Claiming that the Palestinian historic link to Palestine is infinitely stronger than the Jewish connection, Jeffries belittles Zionist leaders obsessed with “the absurd notion that Palestine has always been the patrimony of the Jews.” While he is hostile to Zionism, he respects the religious Jews who arrived in Palestine before the advent of the modern Zionist movement. “They practiced a Zionism which did not seek to oust the Arabs,” he writes, erroneously suggesting that Zionism opposed Jewish-Arab coexistence.
Like Karmi, Jeffries has nothing good to say about the 67-word Balfour Declaration, which is named after the British foreign minister, Arthur Balfour, and which endorsed the notion of a “national home for the Jewish people” in Palestine.
The British government, having promised Arabs territorial independence and having failed to consult the Palestinians about its intentions, had no right to issue the declaration, which he dismisses as “illicit.”
In line with theories presented by other writers, he speculates that the British prime minister, Lloyd George, backed the declaration to win over Jews to the Allied cause and to repay Chaim Weizmann — a scientist and a Zionist luminary — for his discovery of acetone, a chemical compound which proved useful in the manufacture of munitions during World War I.
Jeffries claims that Weizmann’s meeting with Emir Feisal in 1919 should be viewed in the correct context. Feisal expressed fraternity with Jews seeking to rebuild their ancient homeland, but he also told Weizmann that Jewish settlement in Palestine should be carried out within the parameters of Arab sovereignty.
He has praise for Sir Herbert Samuel, the first British High Commissioner in Palestine. “He brought to his duties a conscientiousness which impressed all those who came into contact with him,” he observes. What does Jeffries mean? Samuel “threw his influence against dumping of great numbers of (Jewish) immigrants at once, and did what he could to make the Arabs regard him as a close friend.” In short, Samuel was a rarity — “a Zionist with scruples.”
This brand of condescension does not elevate Jeffries’ narrative.
Jeffries is right to criticize countries, like Poland, that supported Zionism for purely ulterior motives. Poland was eager to whittle down the size of its immense Jewish population. “Other Central European states share the Polish attitude,” he says. “They have every interest in the triumph of the Zionists in Palestine, since that means relieving themselves of those unhappy Jewish subjects whom they find an incubus. They may make profession of being swayed by the arguments of Zionism, but they do not in their hearts give two farthings about Zionism and its arguments. They act entirely according to what they deem their own interests, and it is not Arab protests which are going to move them.”

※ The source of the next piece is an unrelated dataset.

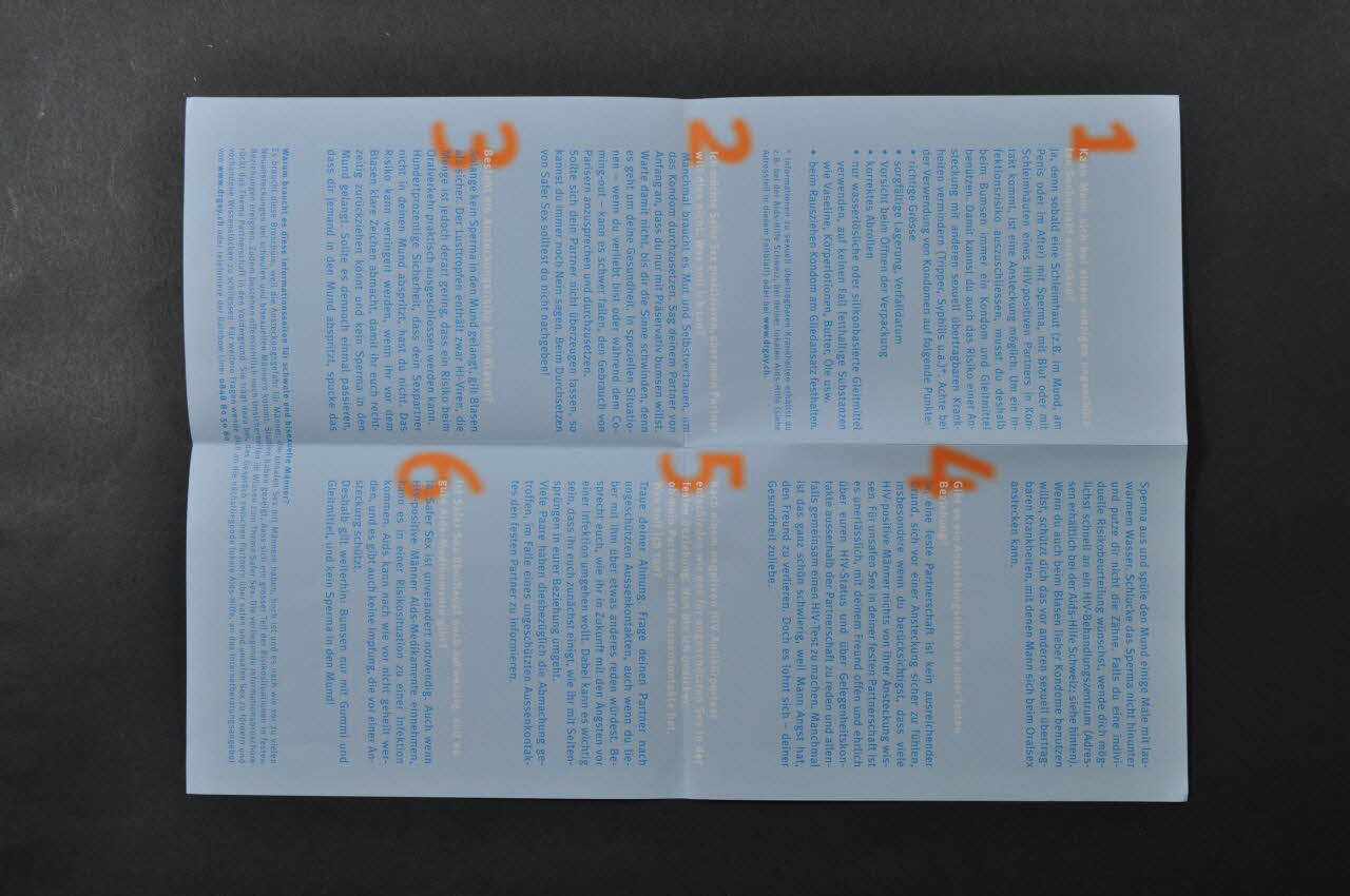 Dépliant, "Safer Sex. Die sechs häufigsten Fragen von Männern, die Sex mit Männern haben, und die Antworten dazu." (Faire l'amour à moindre risque. Réponse aux six questions les plus fréquemment posées par les hommes ayant des relations sexuelles avec d'autres hommes)

In closing, Jeffries reiterates his case for the Palestinians.
“In equity and in law, Palestine belongs to its native people and to no one else … The implacable fact is that the Arabs own Palestine by natural right, and also by law.”

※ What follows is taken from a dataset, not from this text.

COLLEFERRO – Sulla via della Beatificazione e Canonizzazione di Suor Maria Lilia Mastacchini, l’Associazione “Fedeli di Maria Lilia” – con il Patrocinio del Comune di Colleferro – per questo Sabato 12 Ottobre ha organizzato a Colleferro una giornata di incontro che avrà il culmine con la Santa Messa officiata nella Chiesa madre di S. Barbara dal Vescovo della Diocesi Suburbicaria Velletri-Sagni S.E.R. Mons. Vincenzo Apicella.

He adds, “The Zionist idea of a return to the land and of establishing a polity wherein they will carry out all national work, from railway building to road sweeping, and so to remove the reproach of parasitism which dogs them — that in itself is an idea which must rouse sympathy.

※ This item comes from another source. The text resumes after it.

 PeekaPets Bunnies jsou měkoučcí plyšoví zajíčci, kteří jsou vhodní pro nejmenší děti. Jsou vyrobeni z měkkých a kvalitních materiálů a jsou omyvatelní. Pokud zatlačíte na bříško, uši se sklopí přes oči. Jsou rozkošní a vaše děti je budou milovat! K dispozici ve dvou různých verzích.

“But all that was good in it was lost when it was put into execution by the political Zionists. Like everyone else returning to the land, they should have chosen a vacant plot, or chosen one which its sparse inhabitants were willing that they should occupy. Instead of this, they insisted on returning as owners to the Arabs’ territory, upon the falsified plea which we know.”
Jeffries, who died in 1960, lived long enough to witness the end of British rule in Palestine, the outbreak of the first Arab-Israeli war, the dispossession of hundreds of thousands of Palestinians from their homes and the creation of the state of Israel. It’s safe to say that these momentous events would have solidified his pro-Arab views.